Increased activity of eEF2, 4E-BP1 and mTOR translational pathways during M-phase. (A) Immunoblot analyses of the key protein for cap-dependent translation show activity in M-phase. Arrow denotes phosphorylated and arrowhead for total form of protein. (B) Normalized densitometric values from components from (A). Data are represented as the mean ± s.d.; values obtained for relevant. stage with highest intensity was set as 100%. Data are represented as mean ± s.d.; *P< 0.05; **P< 0.01; ***P< 0.001 according to Student's t-test; from three biological replicates. (C) Scheme representing the active translation derived from the (A) and (B). (D) Western blot analysis of the key proteins for mTOR-related pathways. (E) Normalised densitometric values of immunoblot of (D). Data are represented as mean ± s.d.; MII set as 100%; *P< 0.05; **P< 0.01; ***P< 0.001 according to Student's t-test; from three biological replicates. (F) Scheme representing the mTOR activity derived from the (D) and (E).

Figure 7.

Modulation of eEF2K/ eEF2 axis negatively influences embryo development. (A) Scheme for inhibitor treatment of oocytes and impact on meiotic maturation.
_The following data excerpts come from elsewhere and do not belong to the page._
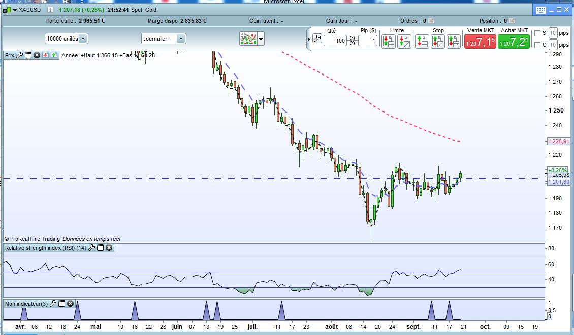 après qq jours d’activité je peux reprendre l’étude de mon petit indicateur. J’ai modifié le prgm comme tu me l’avais indiqué, et je refais le test : j’observe toujours des décalages importants et des signaux générés qui, pour moi à 1ère vue, ne correspondent pas aux conditions du programme. En fait en analysant plus finement je me rends compte qu’il apparaît:
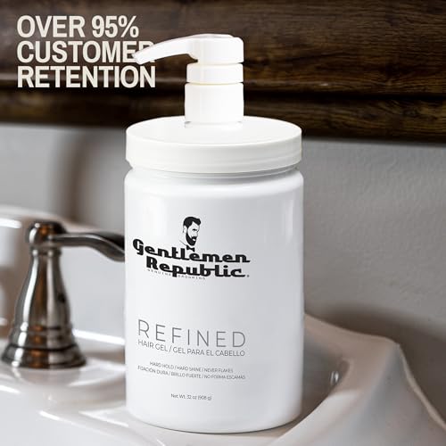 Gentlemen Republic 32oz Refined Hair Gel with Pump for Men – Premium Gel For Men Humidity Resistant & Alcohol-Free – All Day Shine and Hold for All Hair Types and Never Flakes – Made in the USA
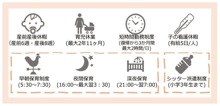 仕事と育児、どちらもサポート。産休・育休から復帰しても、慣れた環境で仕事を続けることができます!
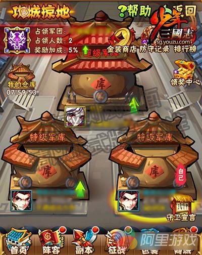 此次新版本中的核心玩法“攻城掠地”,是《少年三国志》首个战区日常PVP玩法。玩家可以战区为界,随时PK切磋竞技,通过争夺城池占据城中物资和元宝。

Representative images of meiotic progression of oocytes treated by 5μM p70KI inhibitor during meiotic maturation. For effect of inhibitor on the eEF2 phosphorylation see Supplementary Figure 6A, B. (B) Quantification of oocyte progression from GV to MII stage after inhibitor treatment. Data represented as mean ± s.d.; Student's t-test: ns, nonsignificant; from three biological replicates with presented n. (C) Scheme of inhibitor treatment in oocytes and followed by IVF. Representative image of embryo development after inhibitor treatment (p70KI) and IVF; n ≥ 3. (D) Quantification of blastocyst formation after inhibition of eEF2 during oocyte progression followed by IVF. Data are represented as mean ± s.d.; **P< 0.01 according to Student's t-test; from three biological replicates with presented n. For evaluation of fertilization see Supplementary Figure 6C. (E) Scheme for inhibitor treatment in embryos. Representative image of embryo development after 5 μM inhibitor treatment (p70KI); n ≥ 3. (F) Quantification of blastocyst formation after inhibition of eEF2 at zygote. Data are represented as mean ± s.d.; **P< 0.01 according to Student's t-test; from three biological replicates with presented n. For evaluation of two-cell development, see Supplementary Figure 6D. For additional inhibitor treatment see Supplementary Figure 7.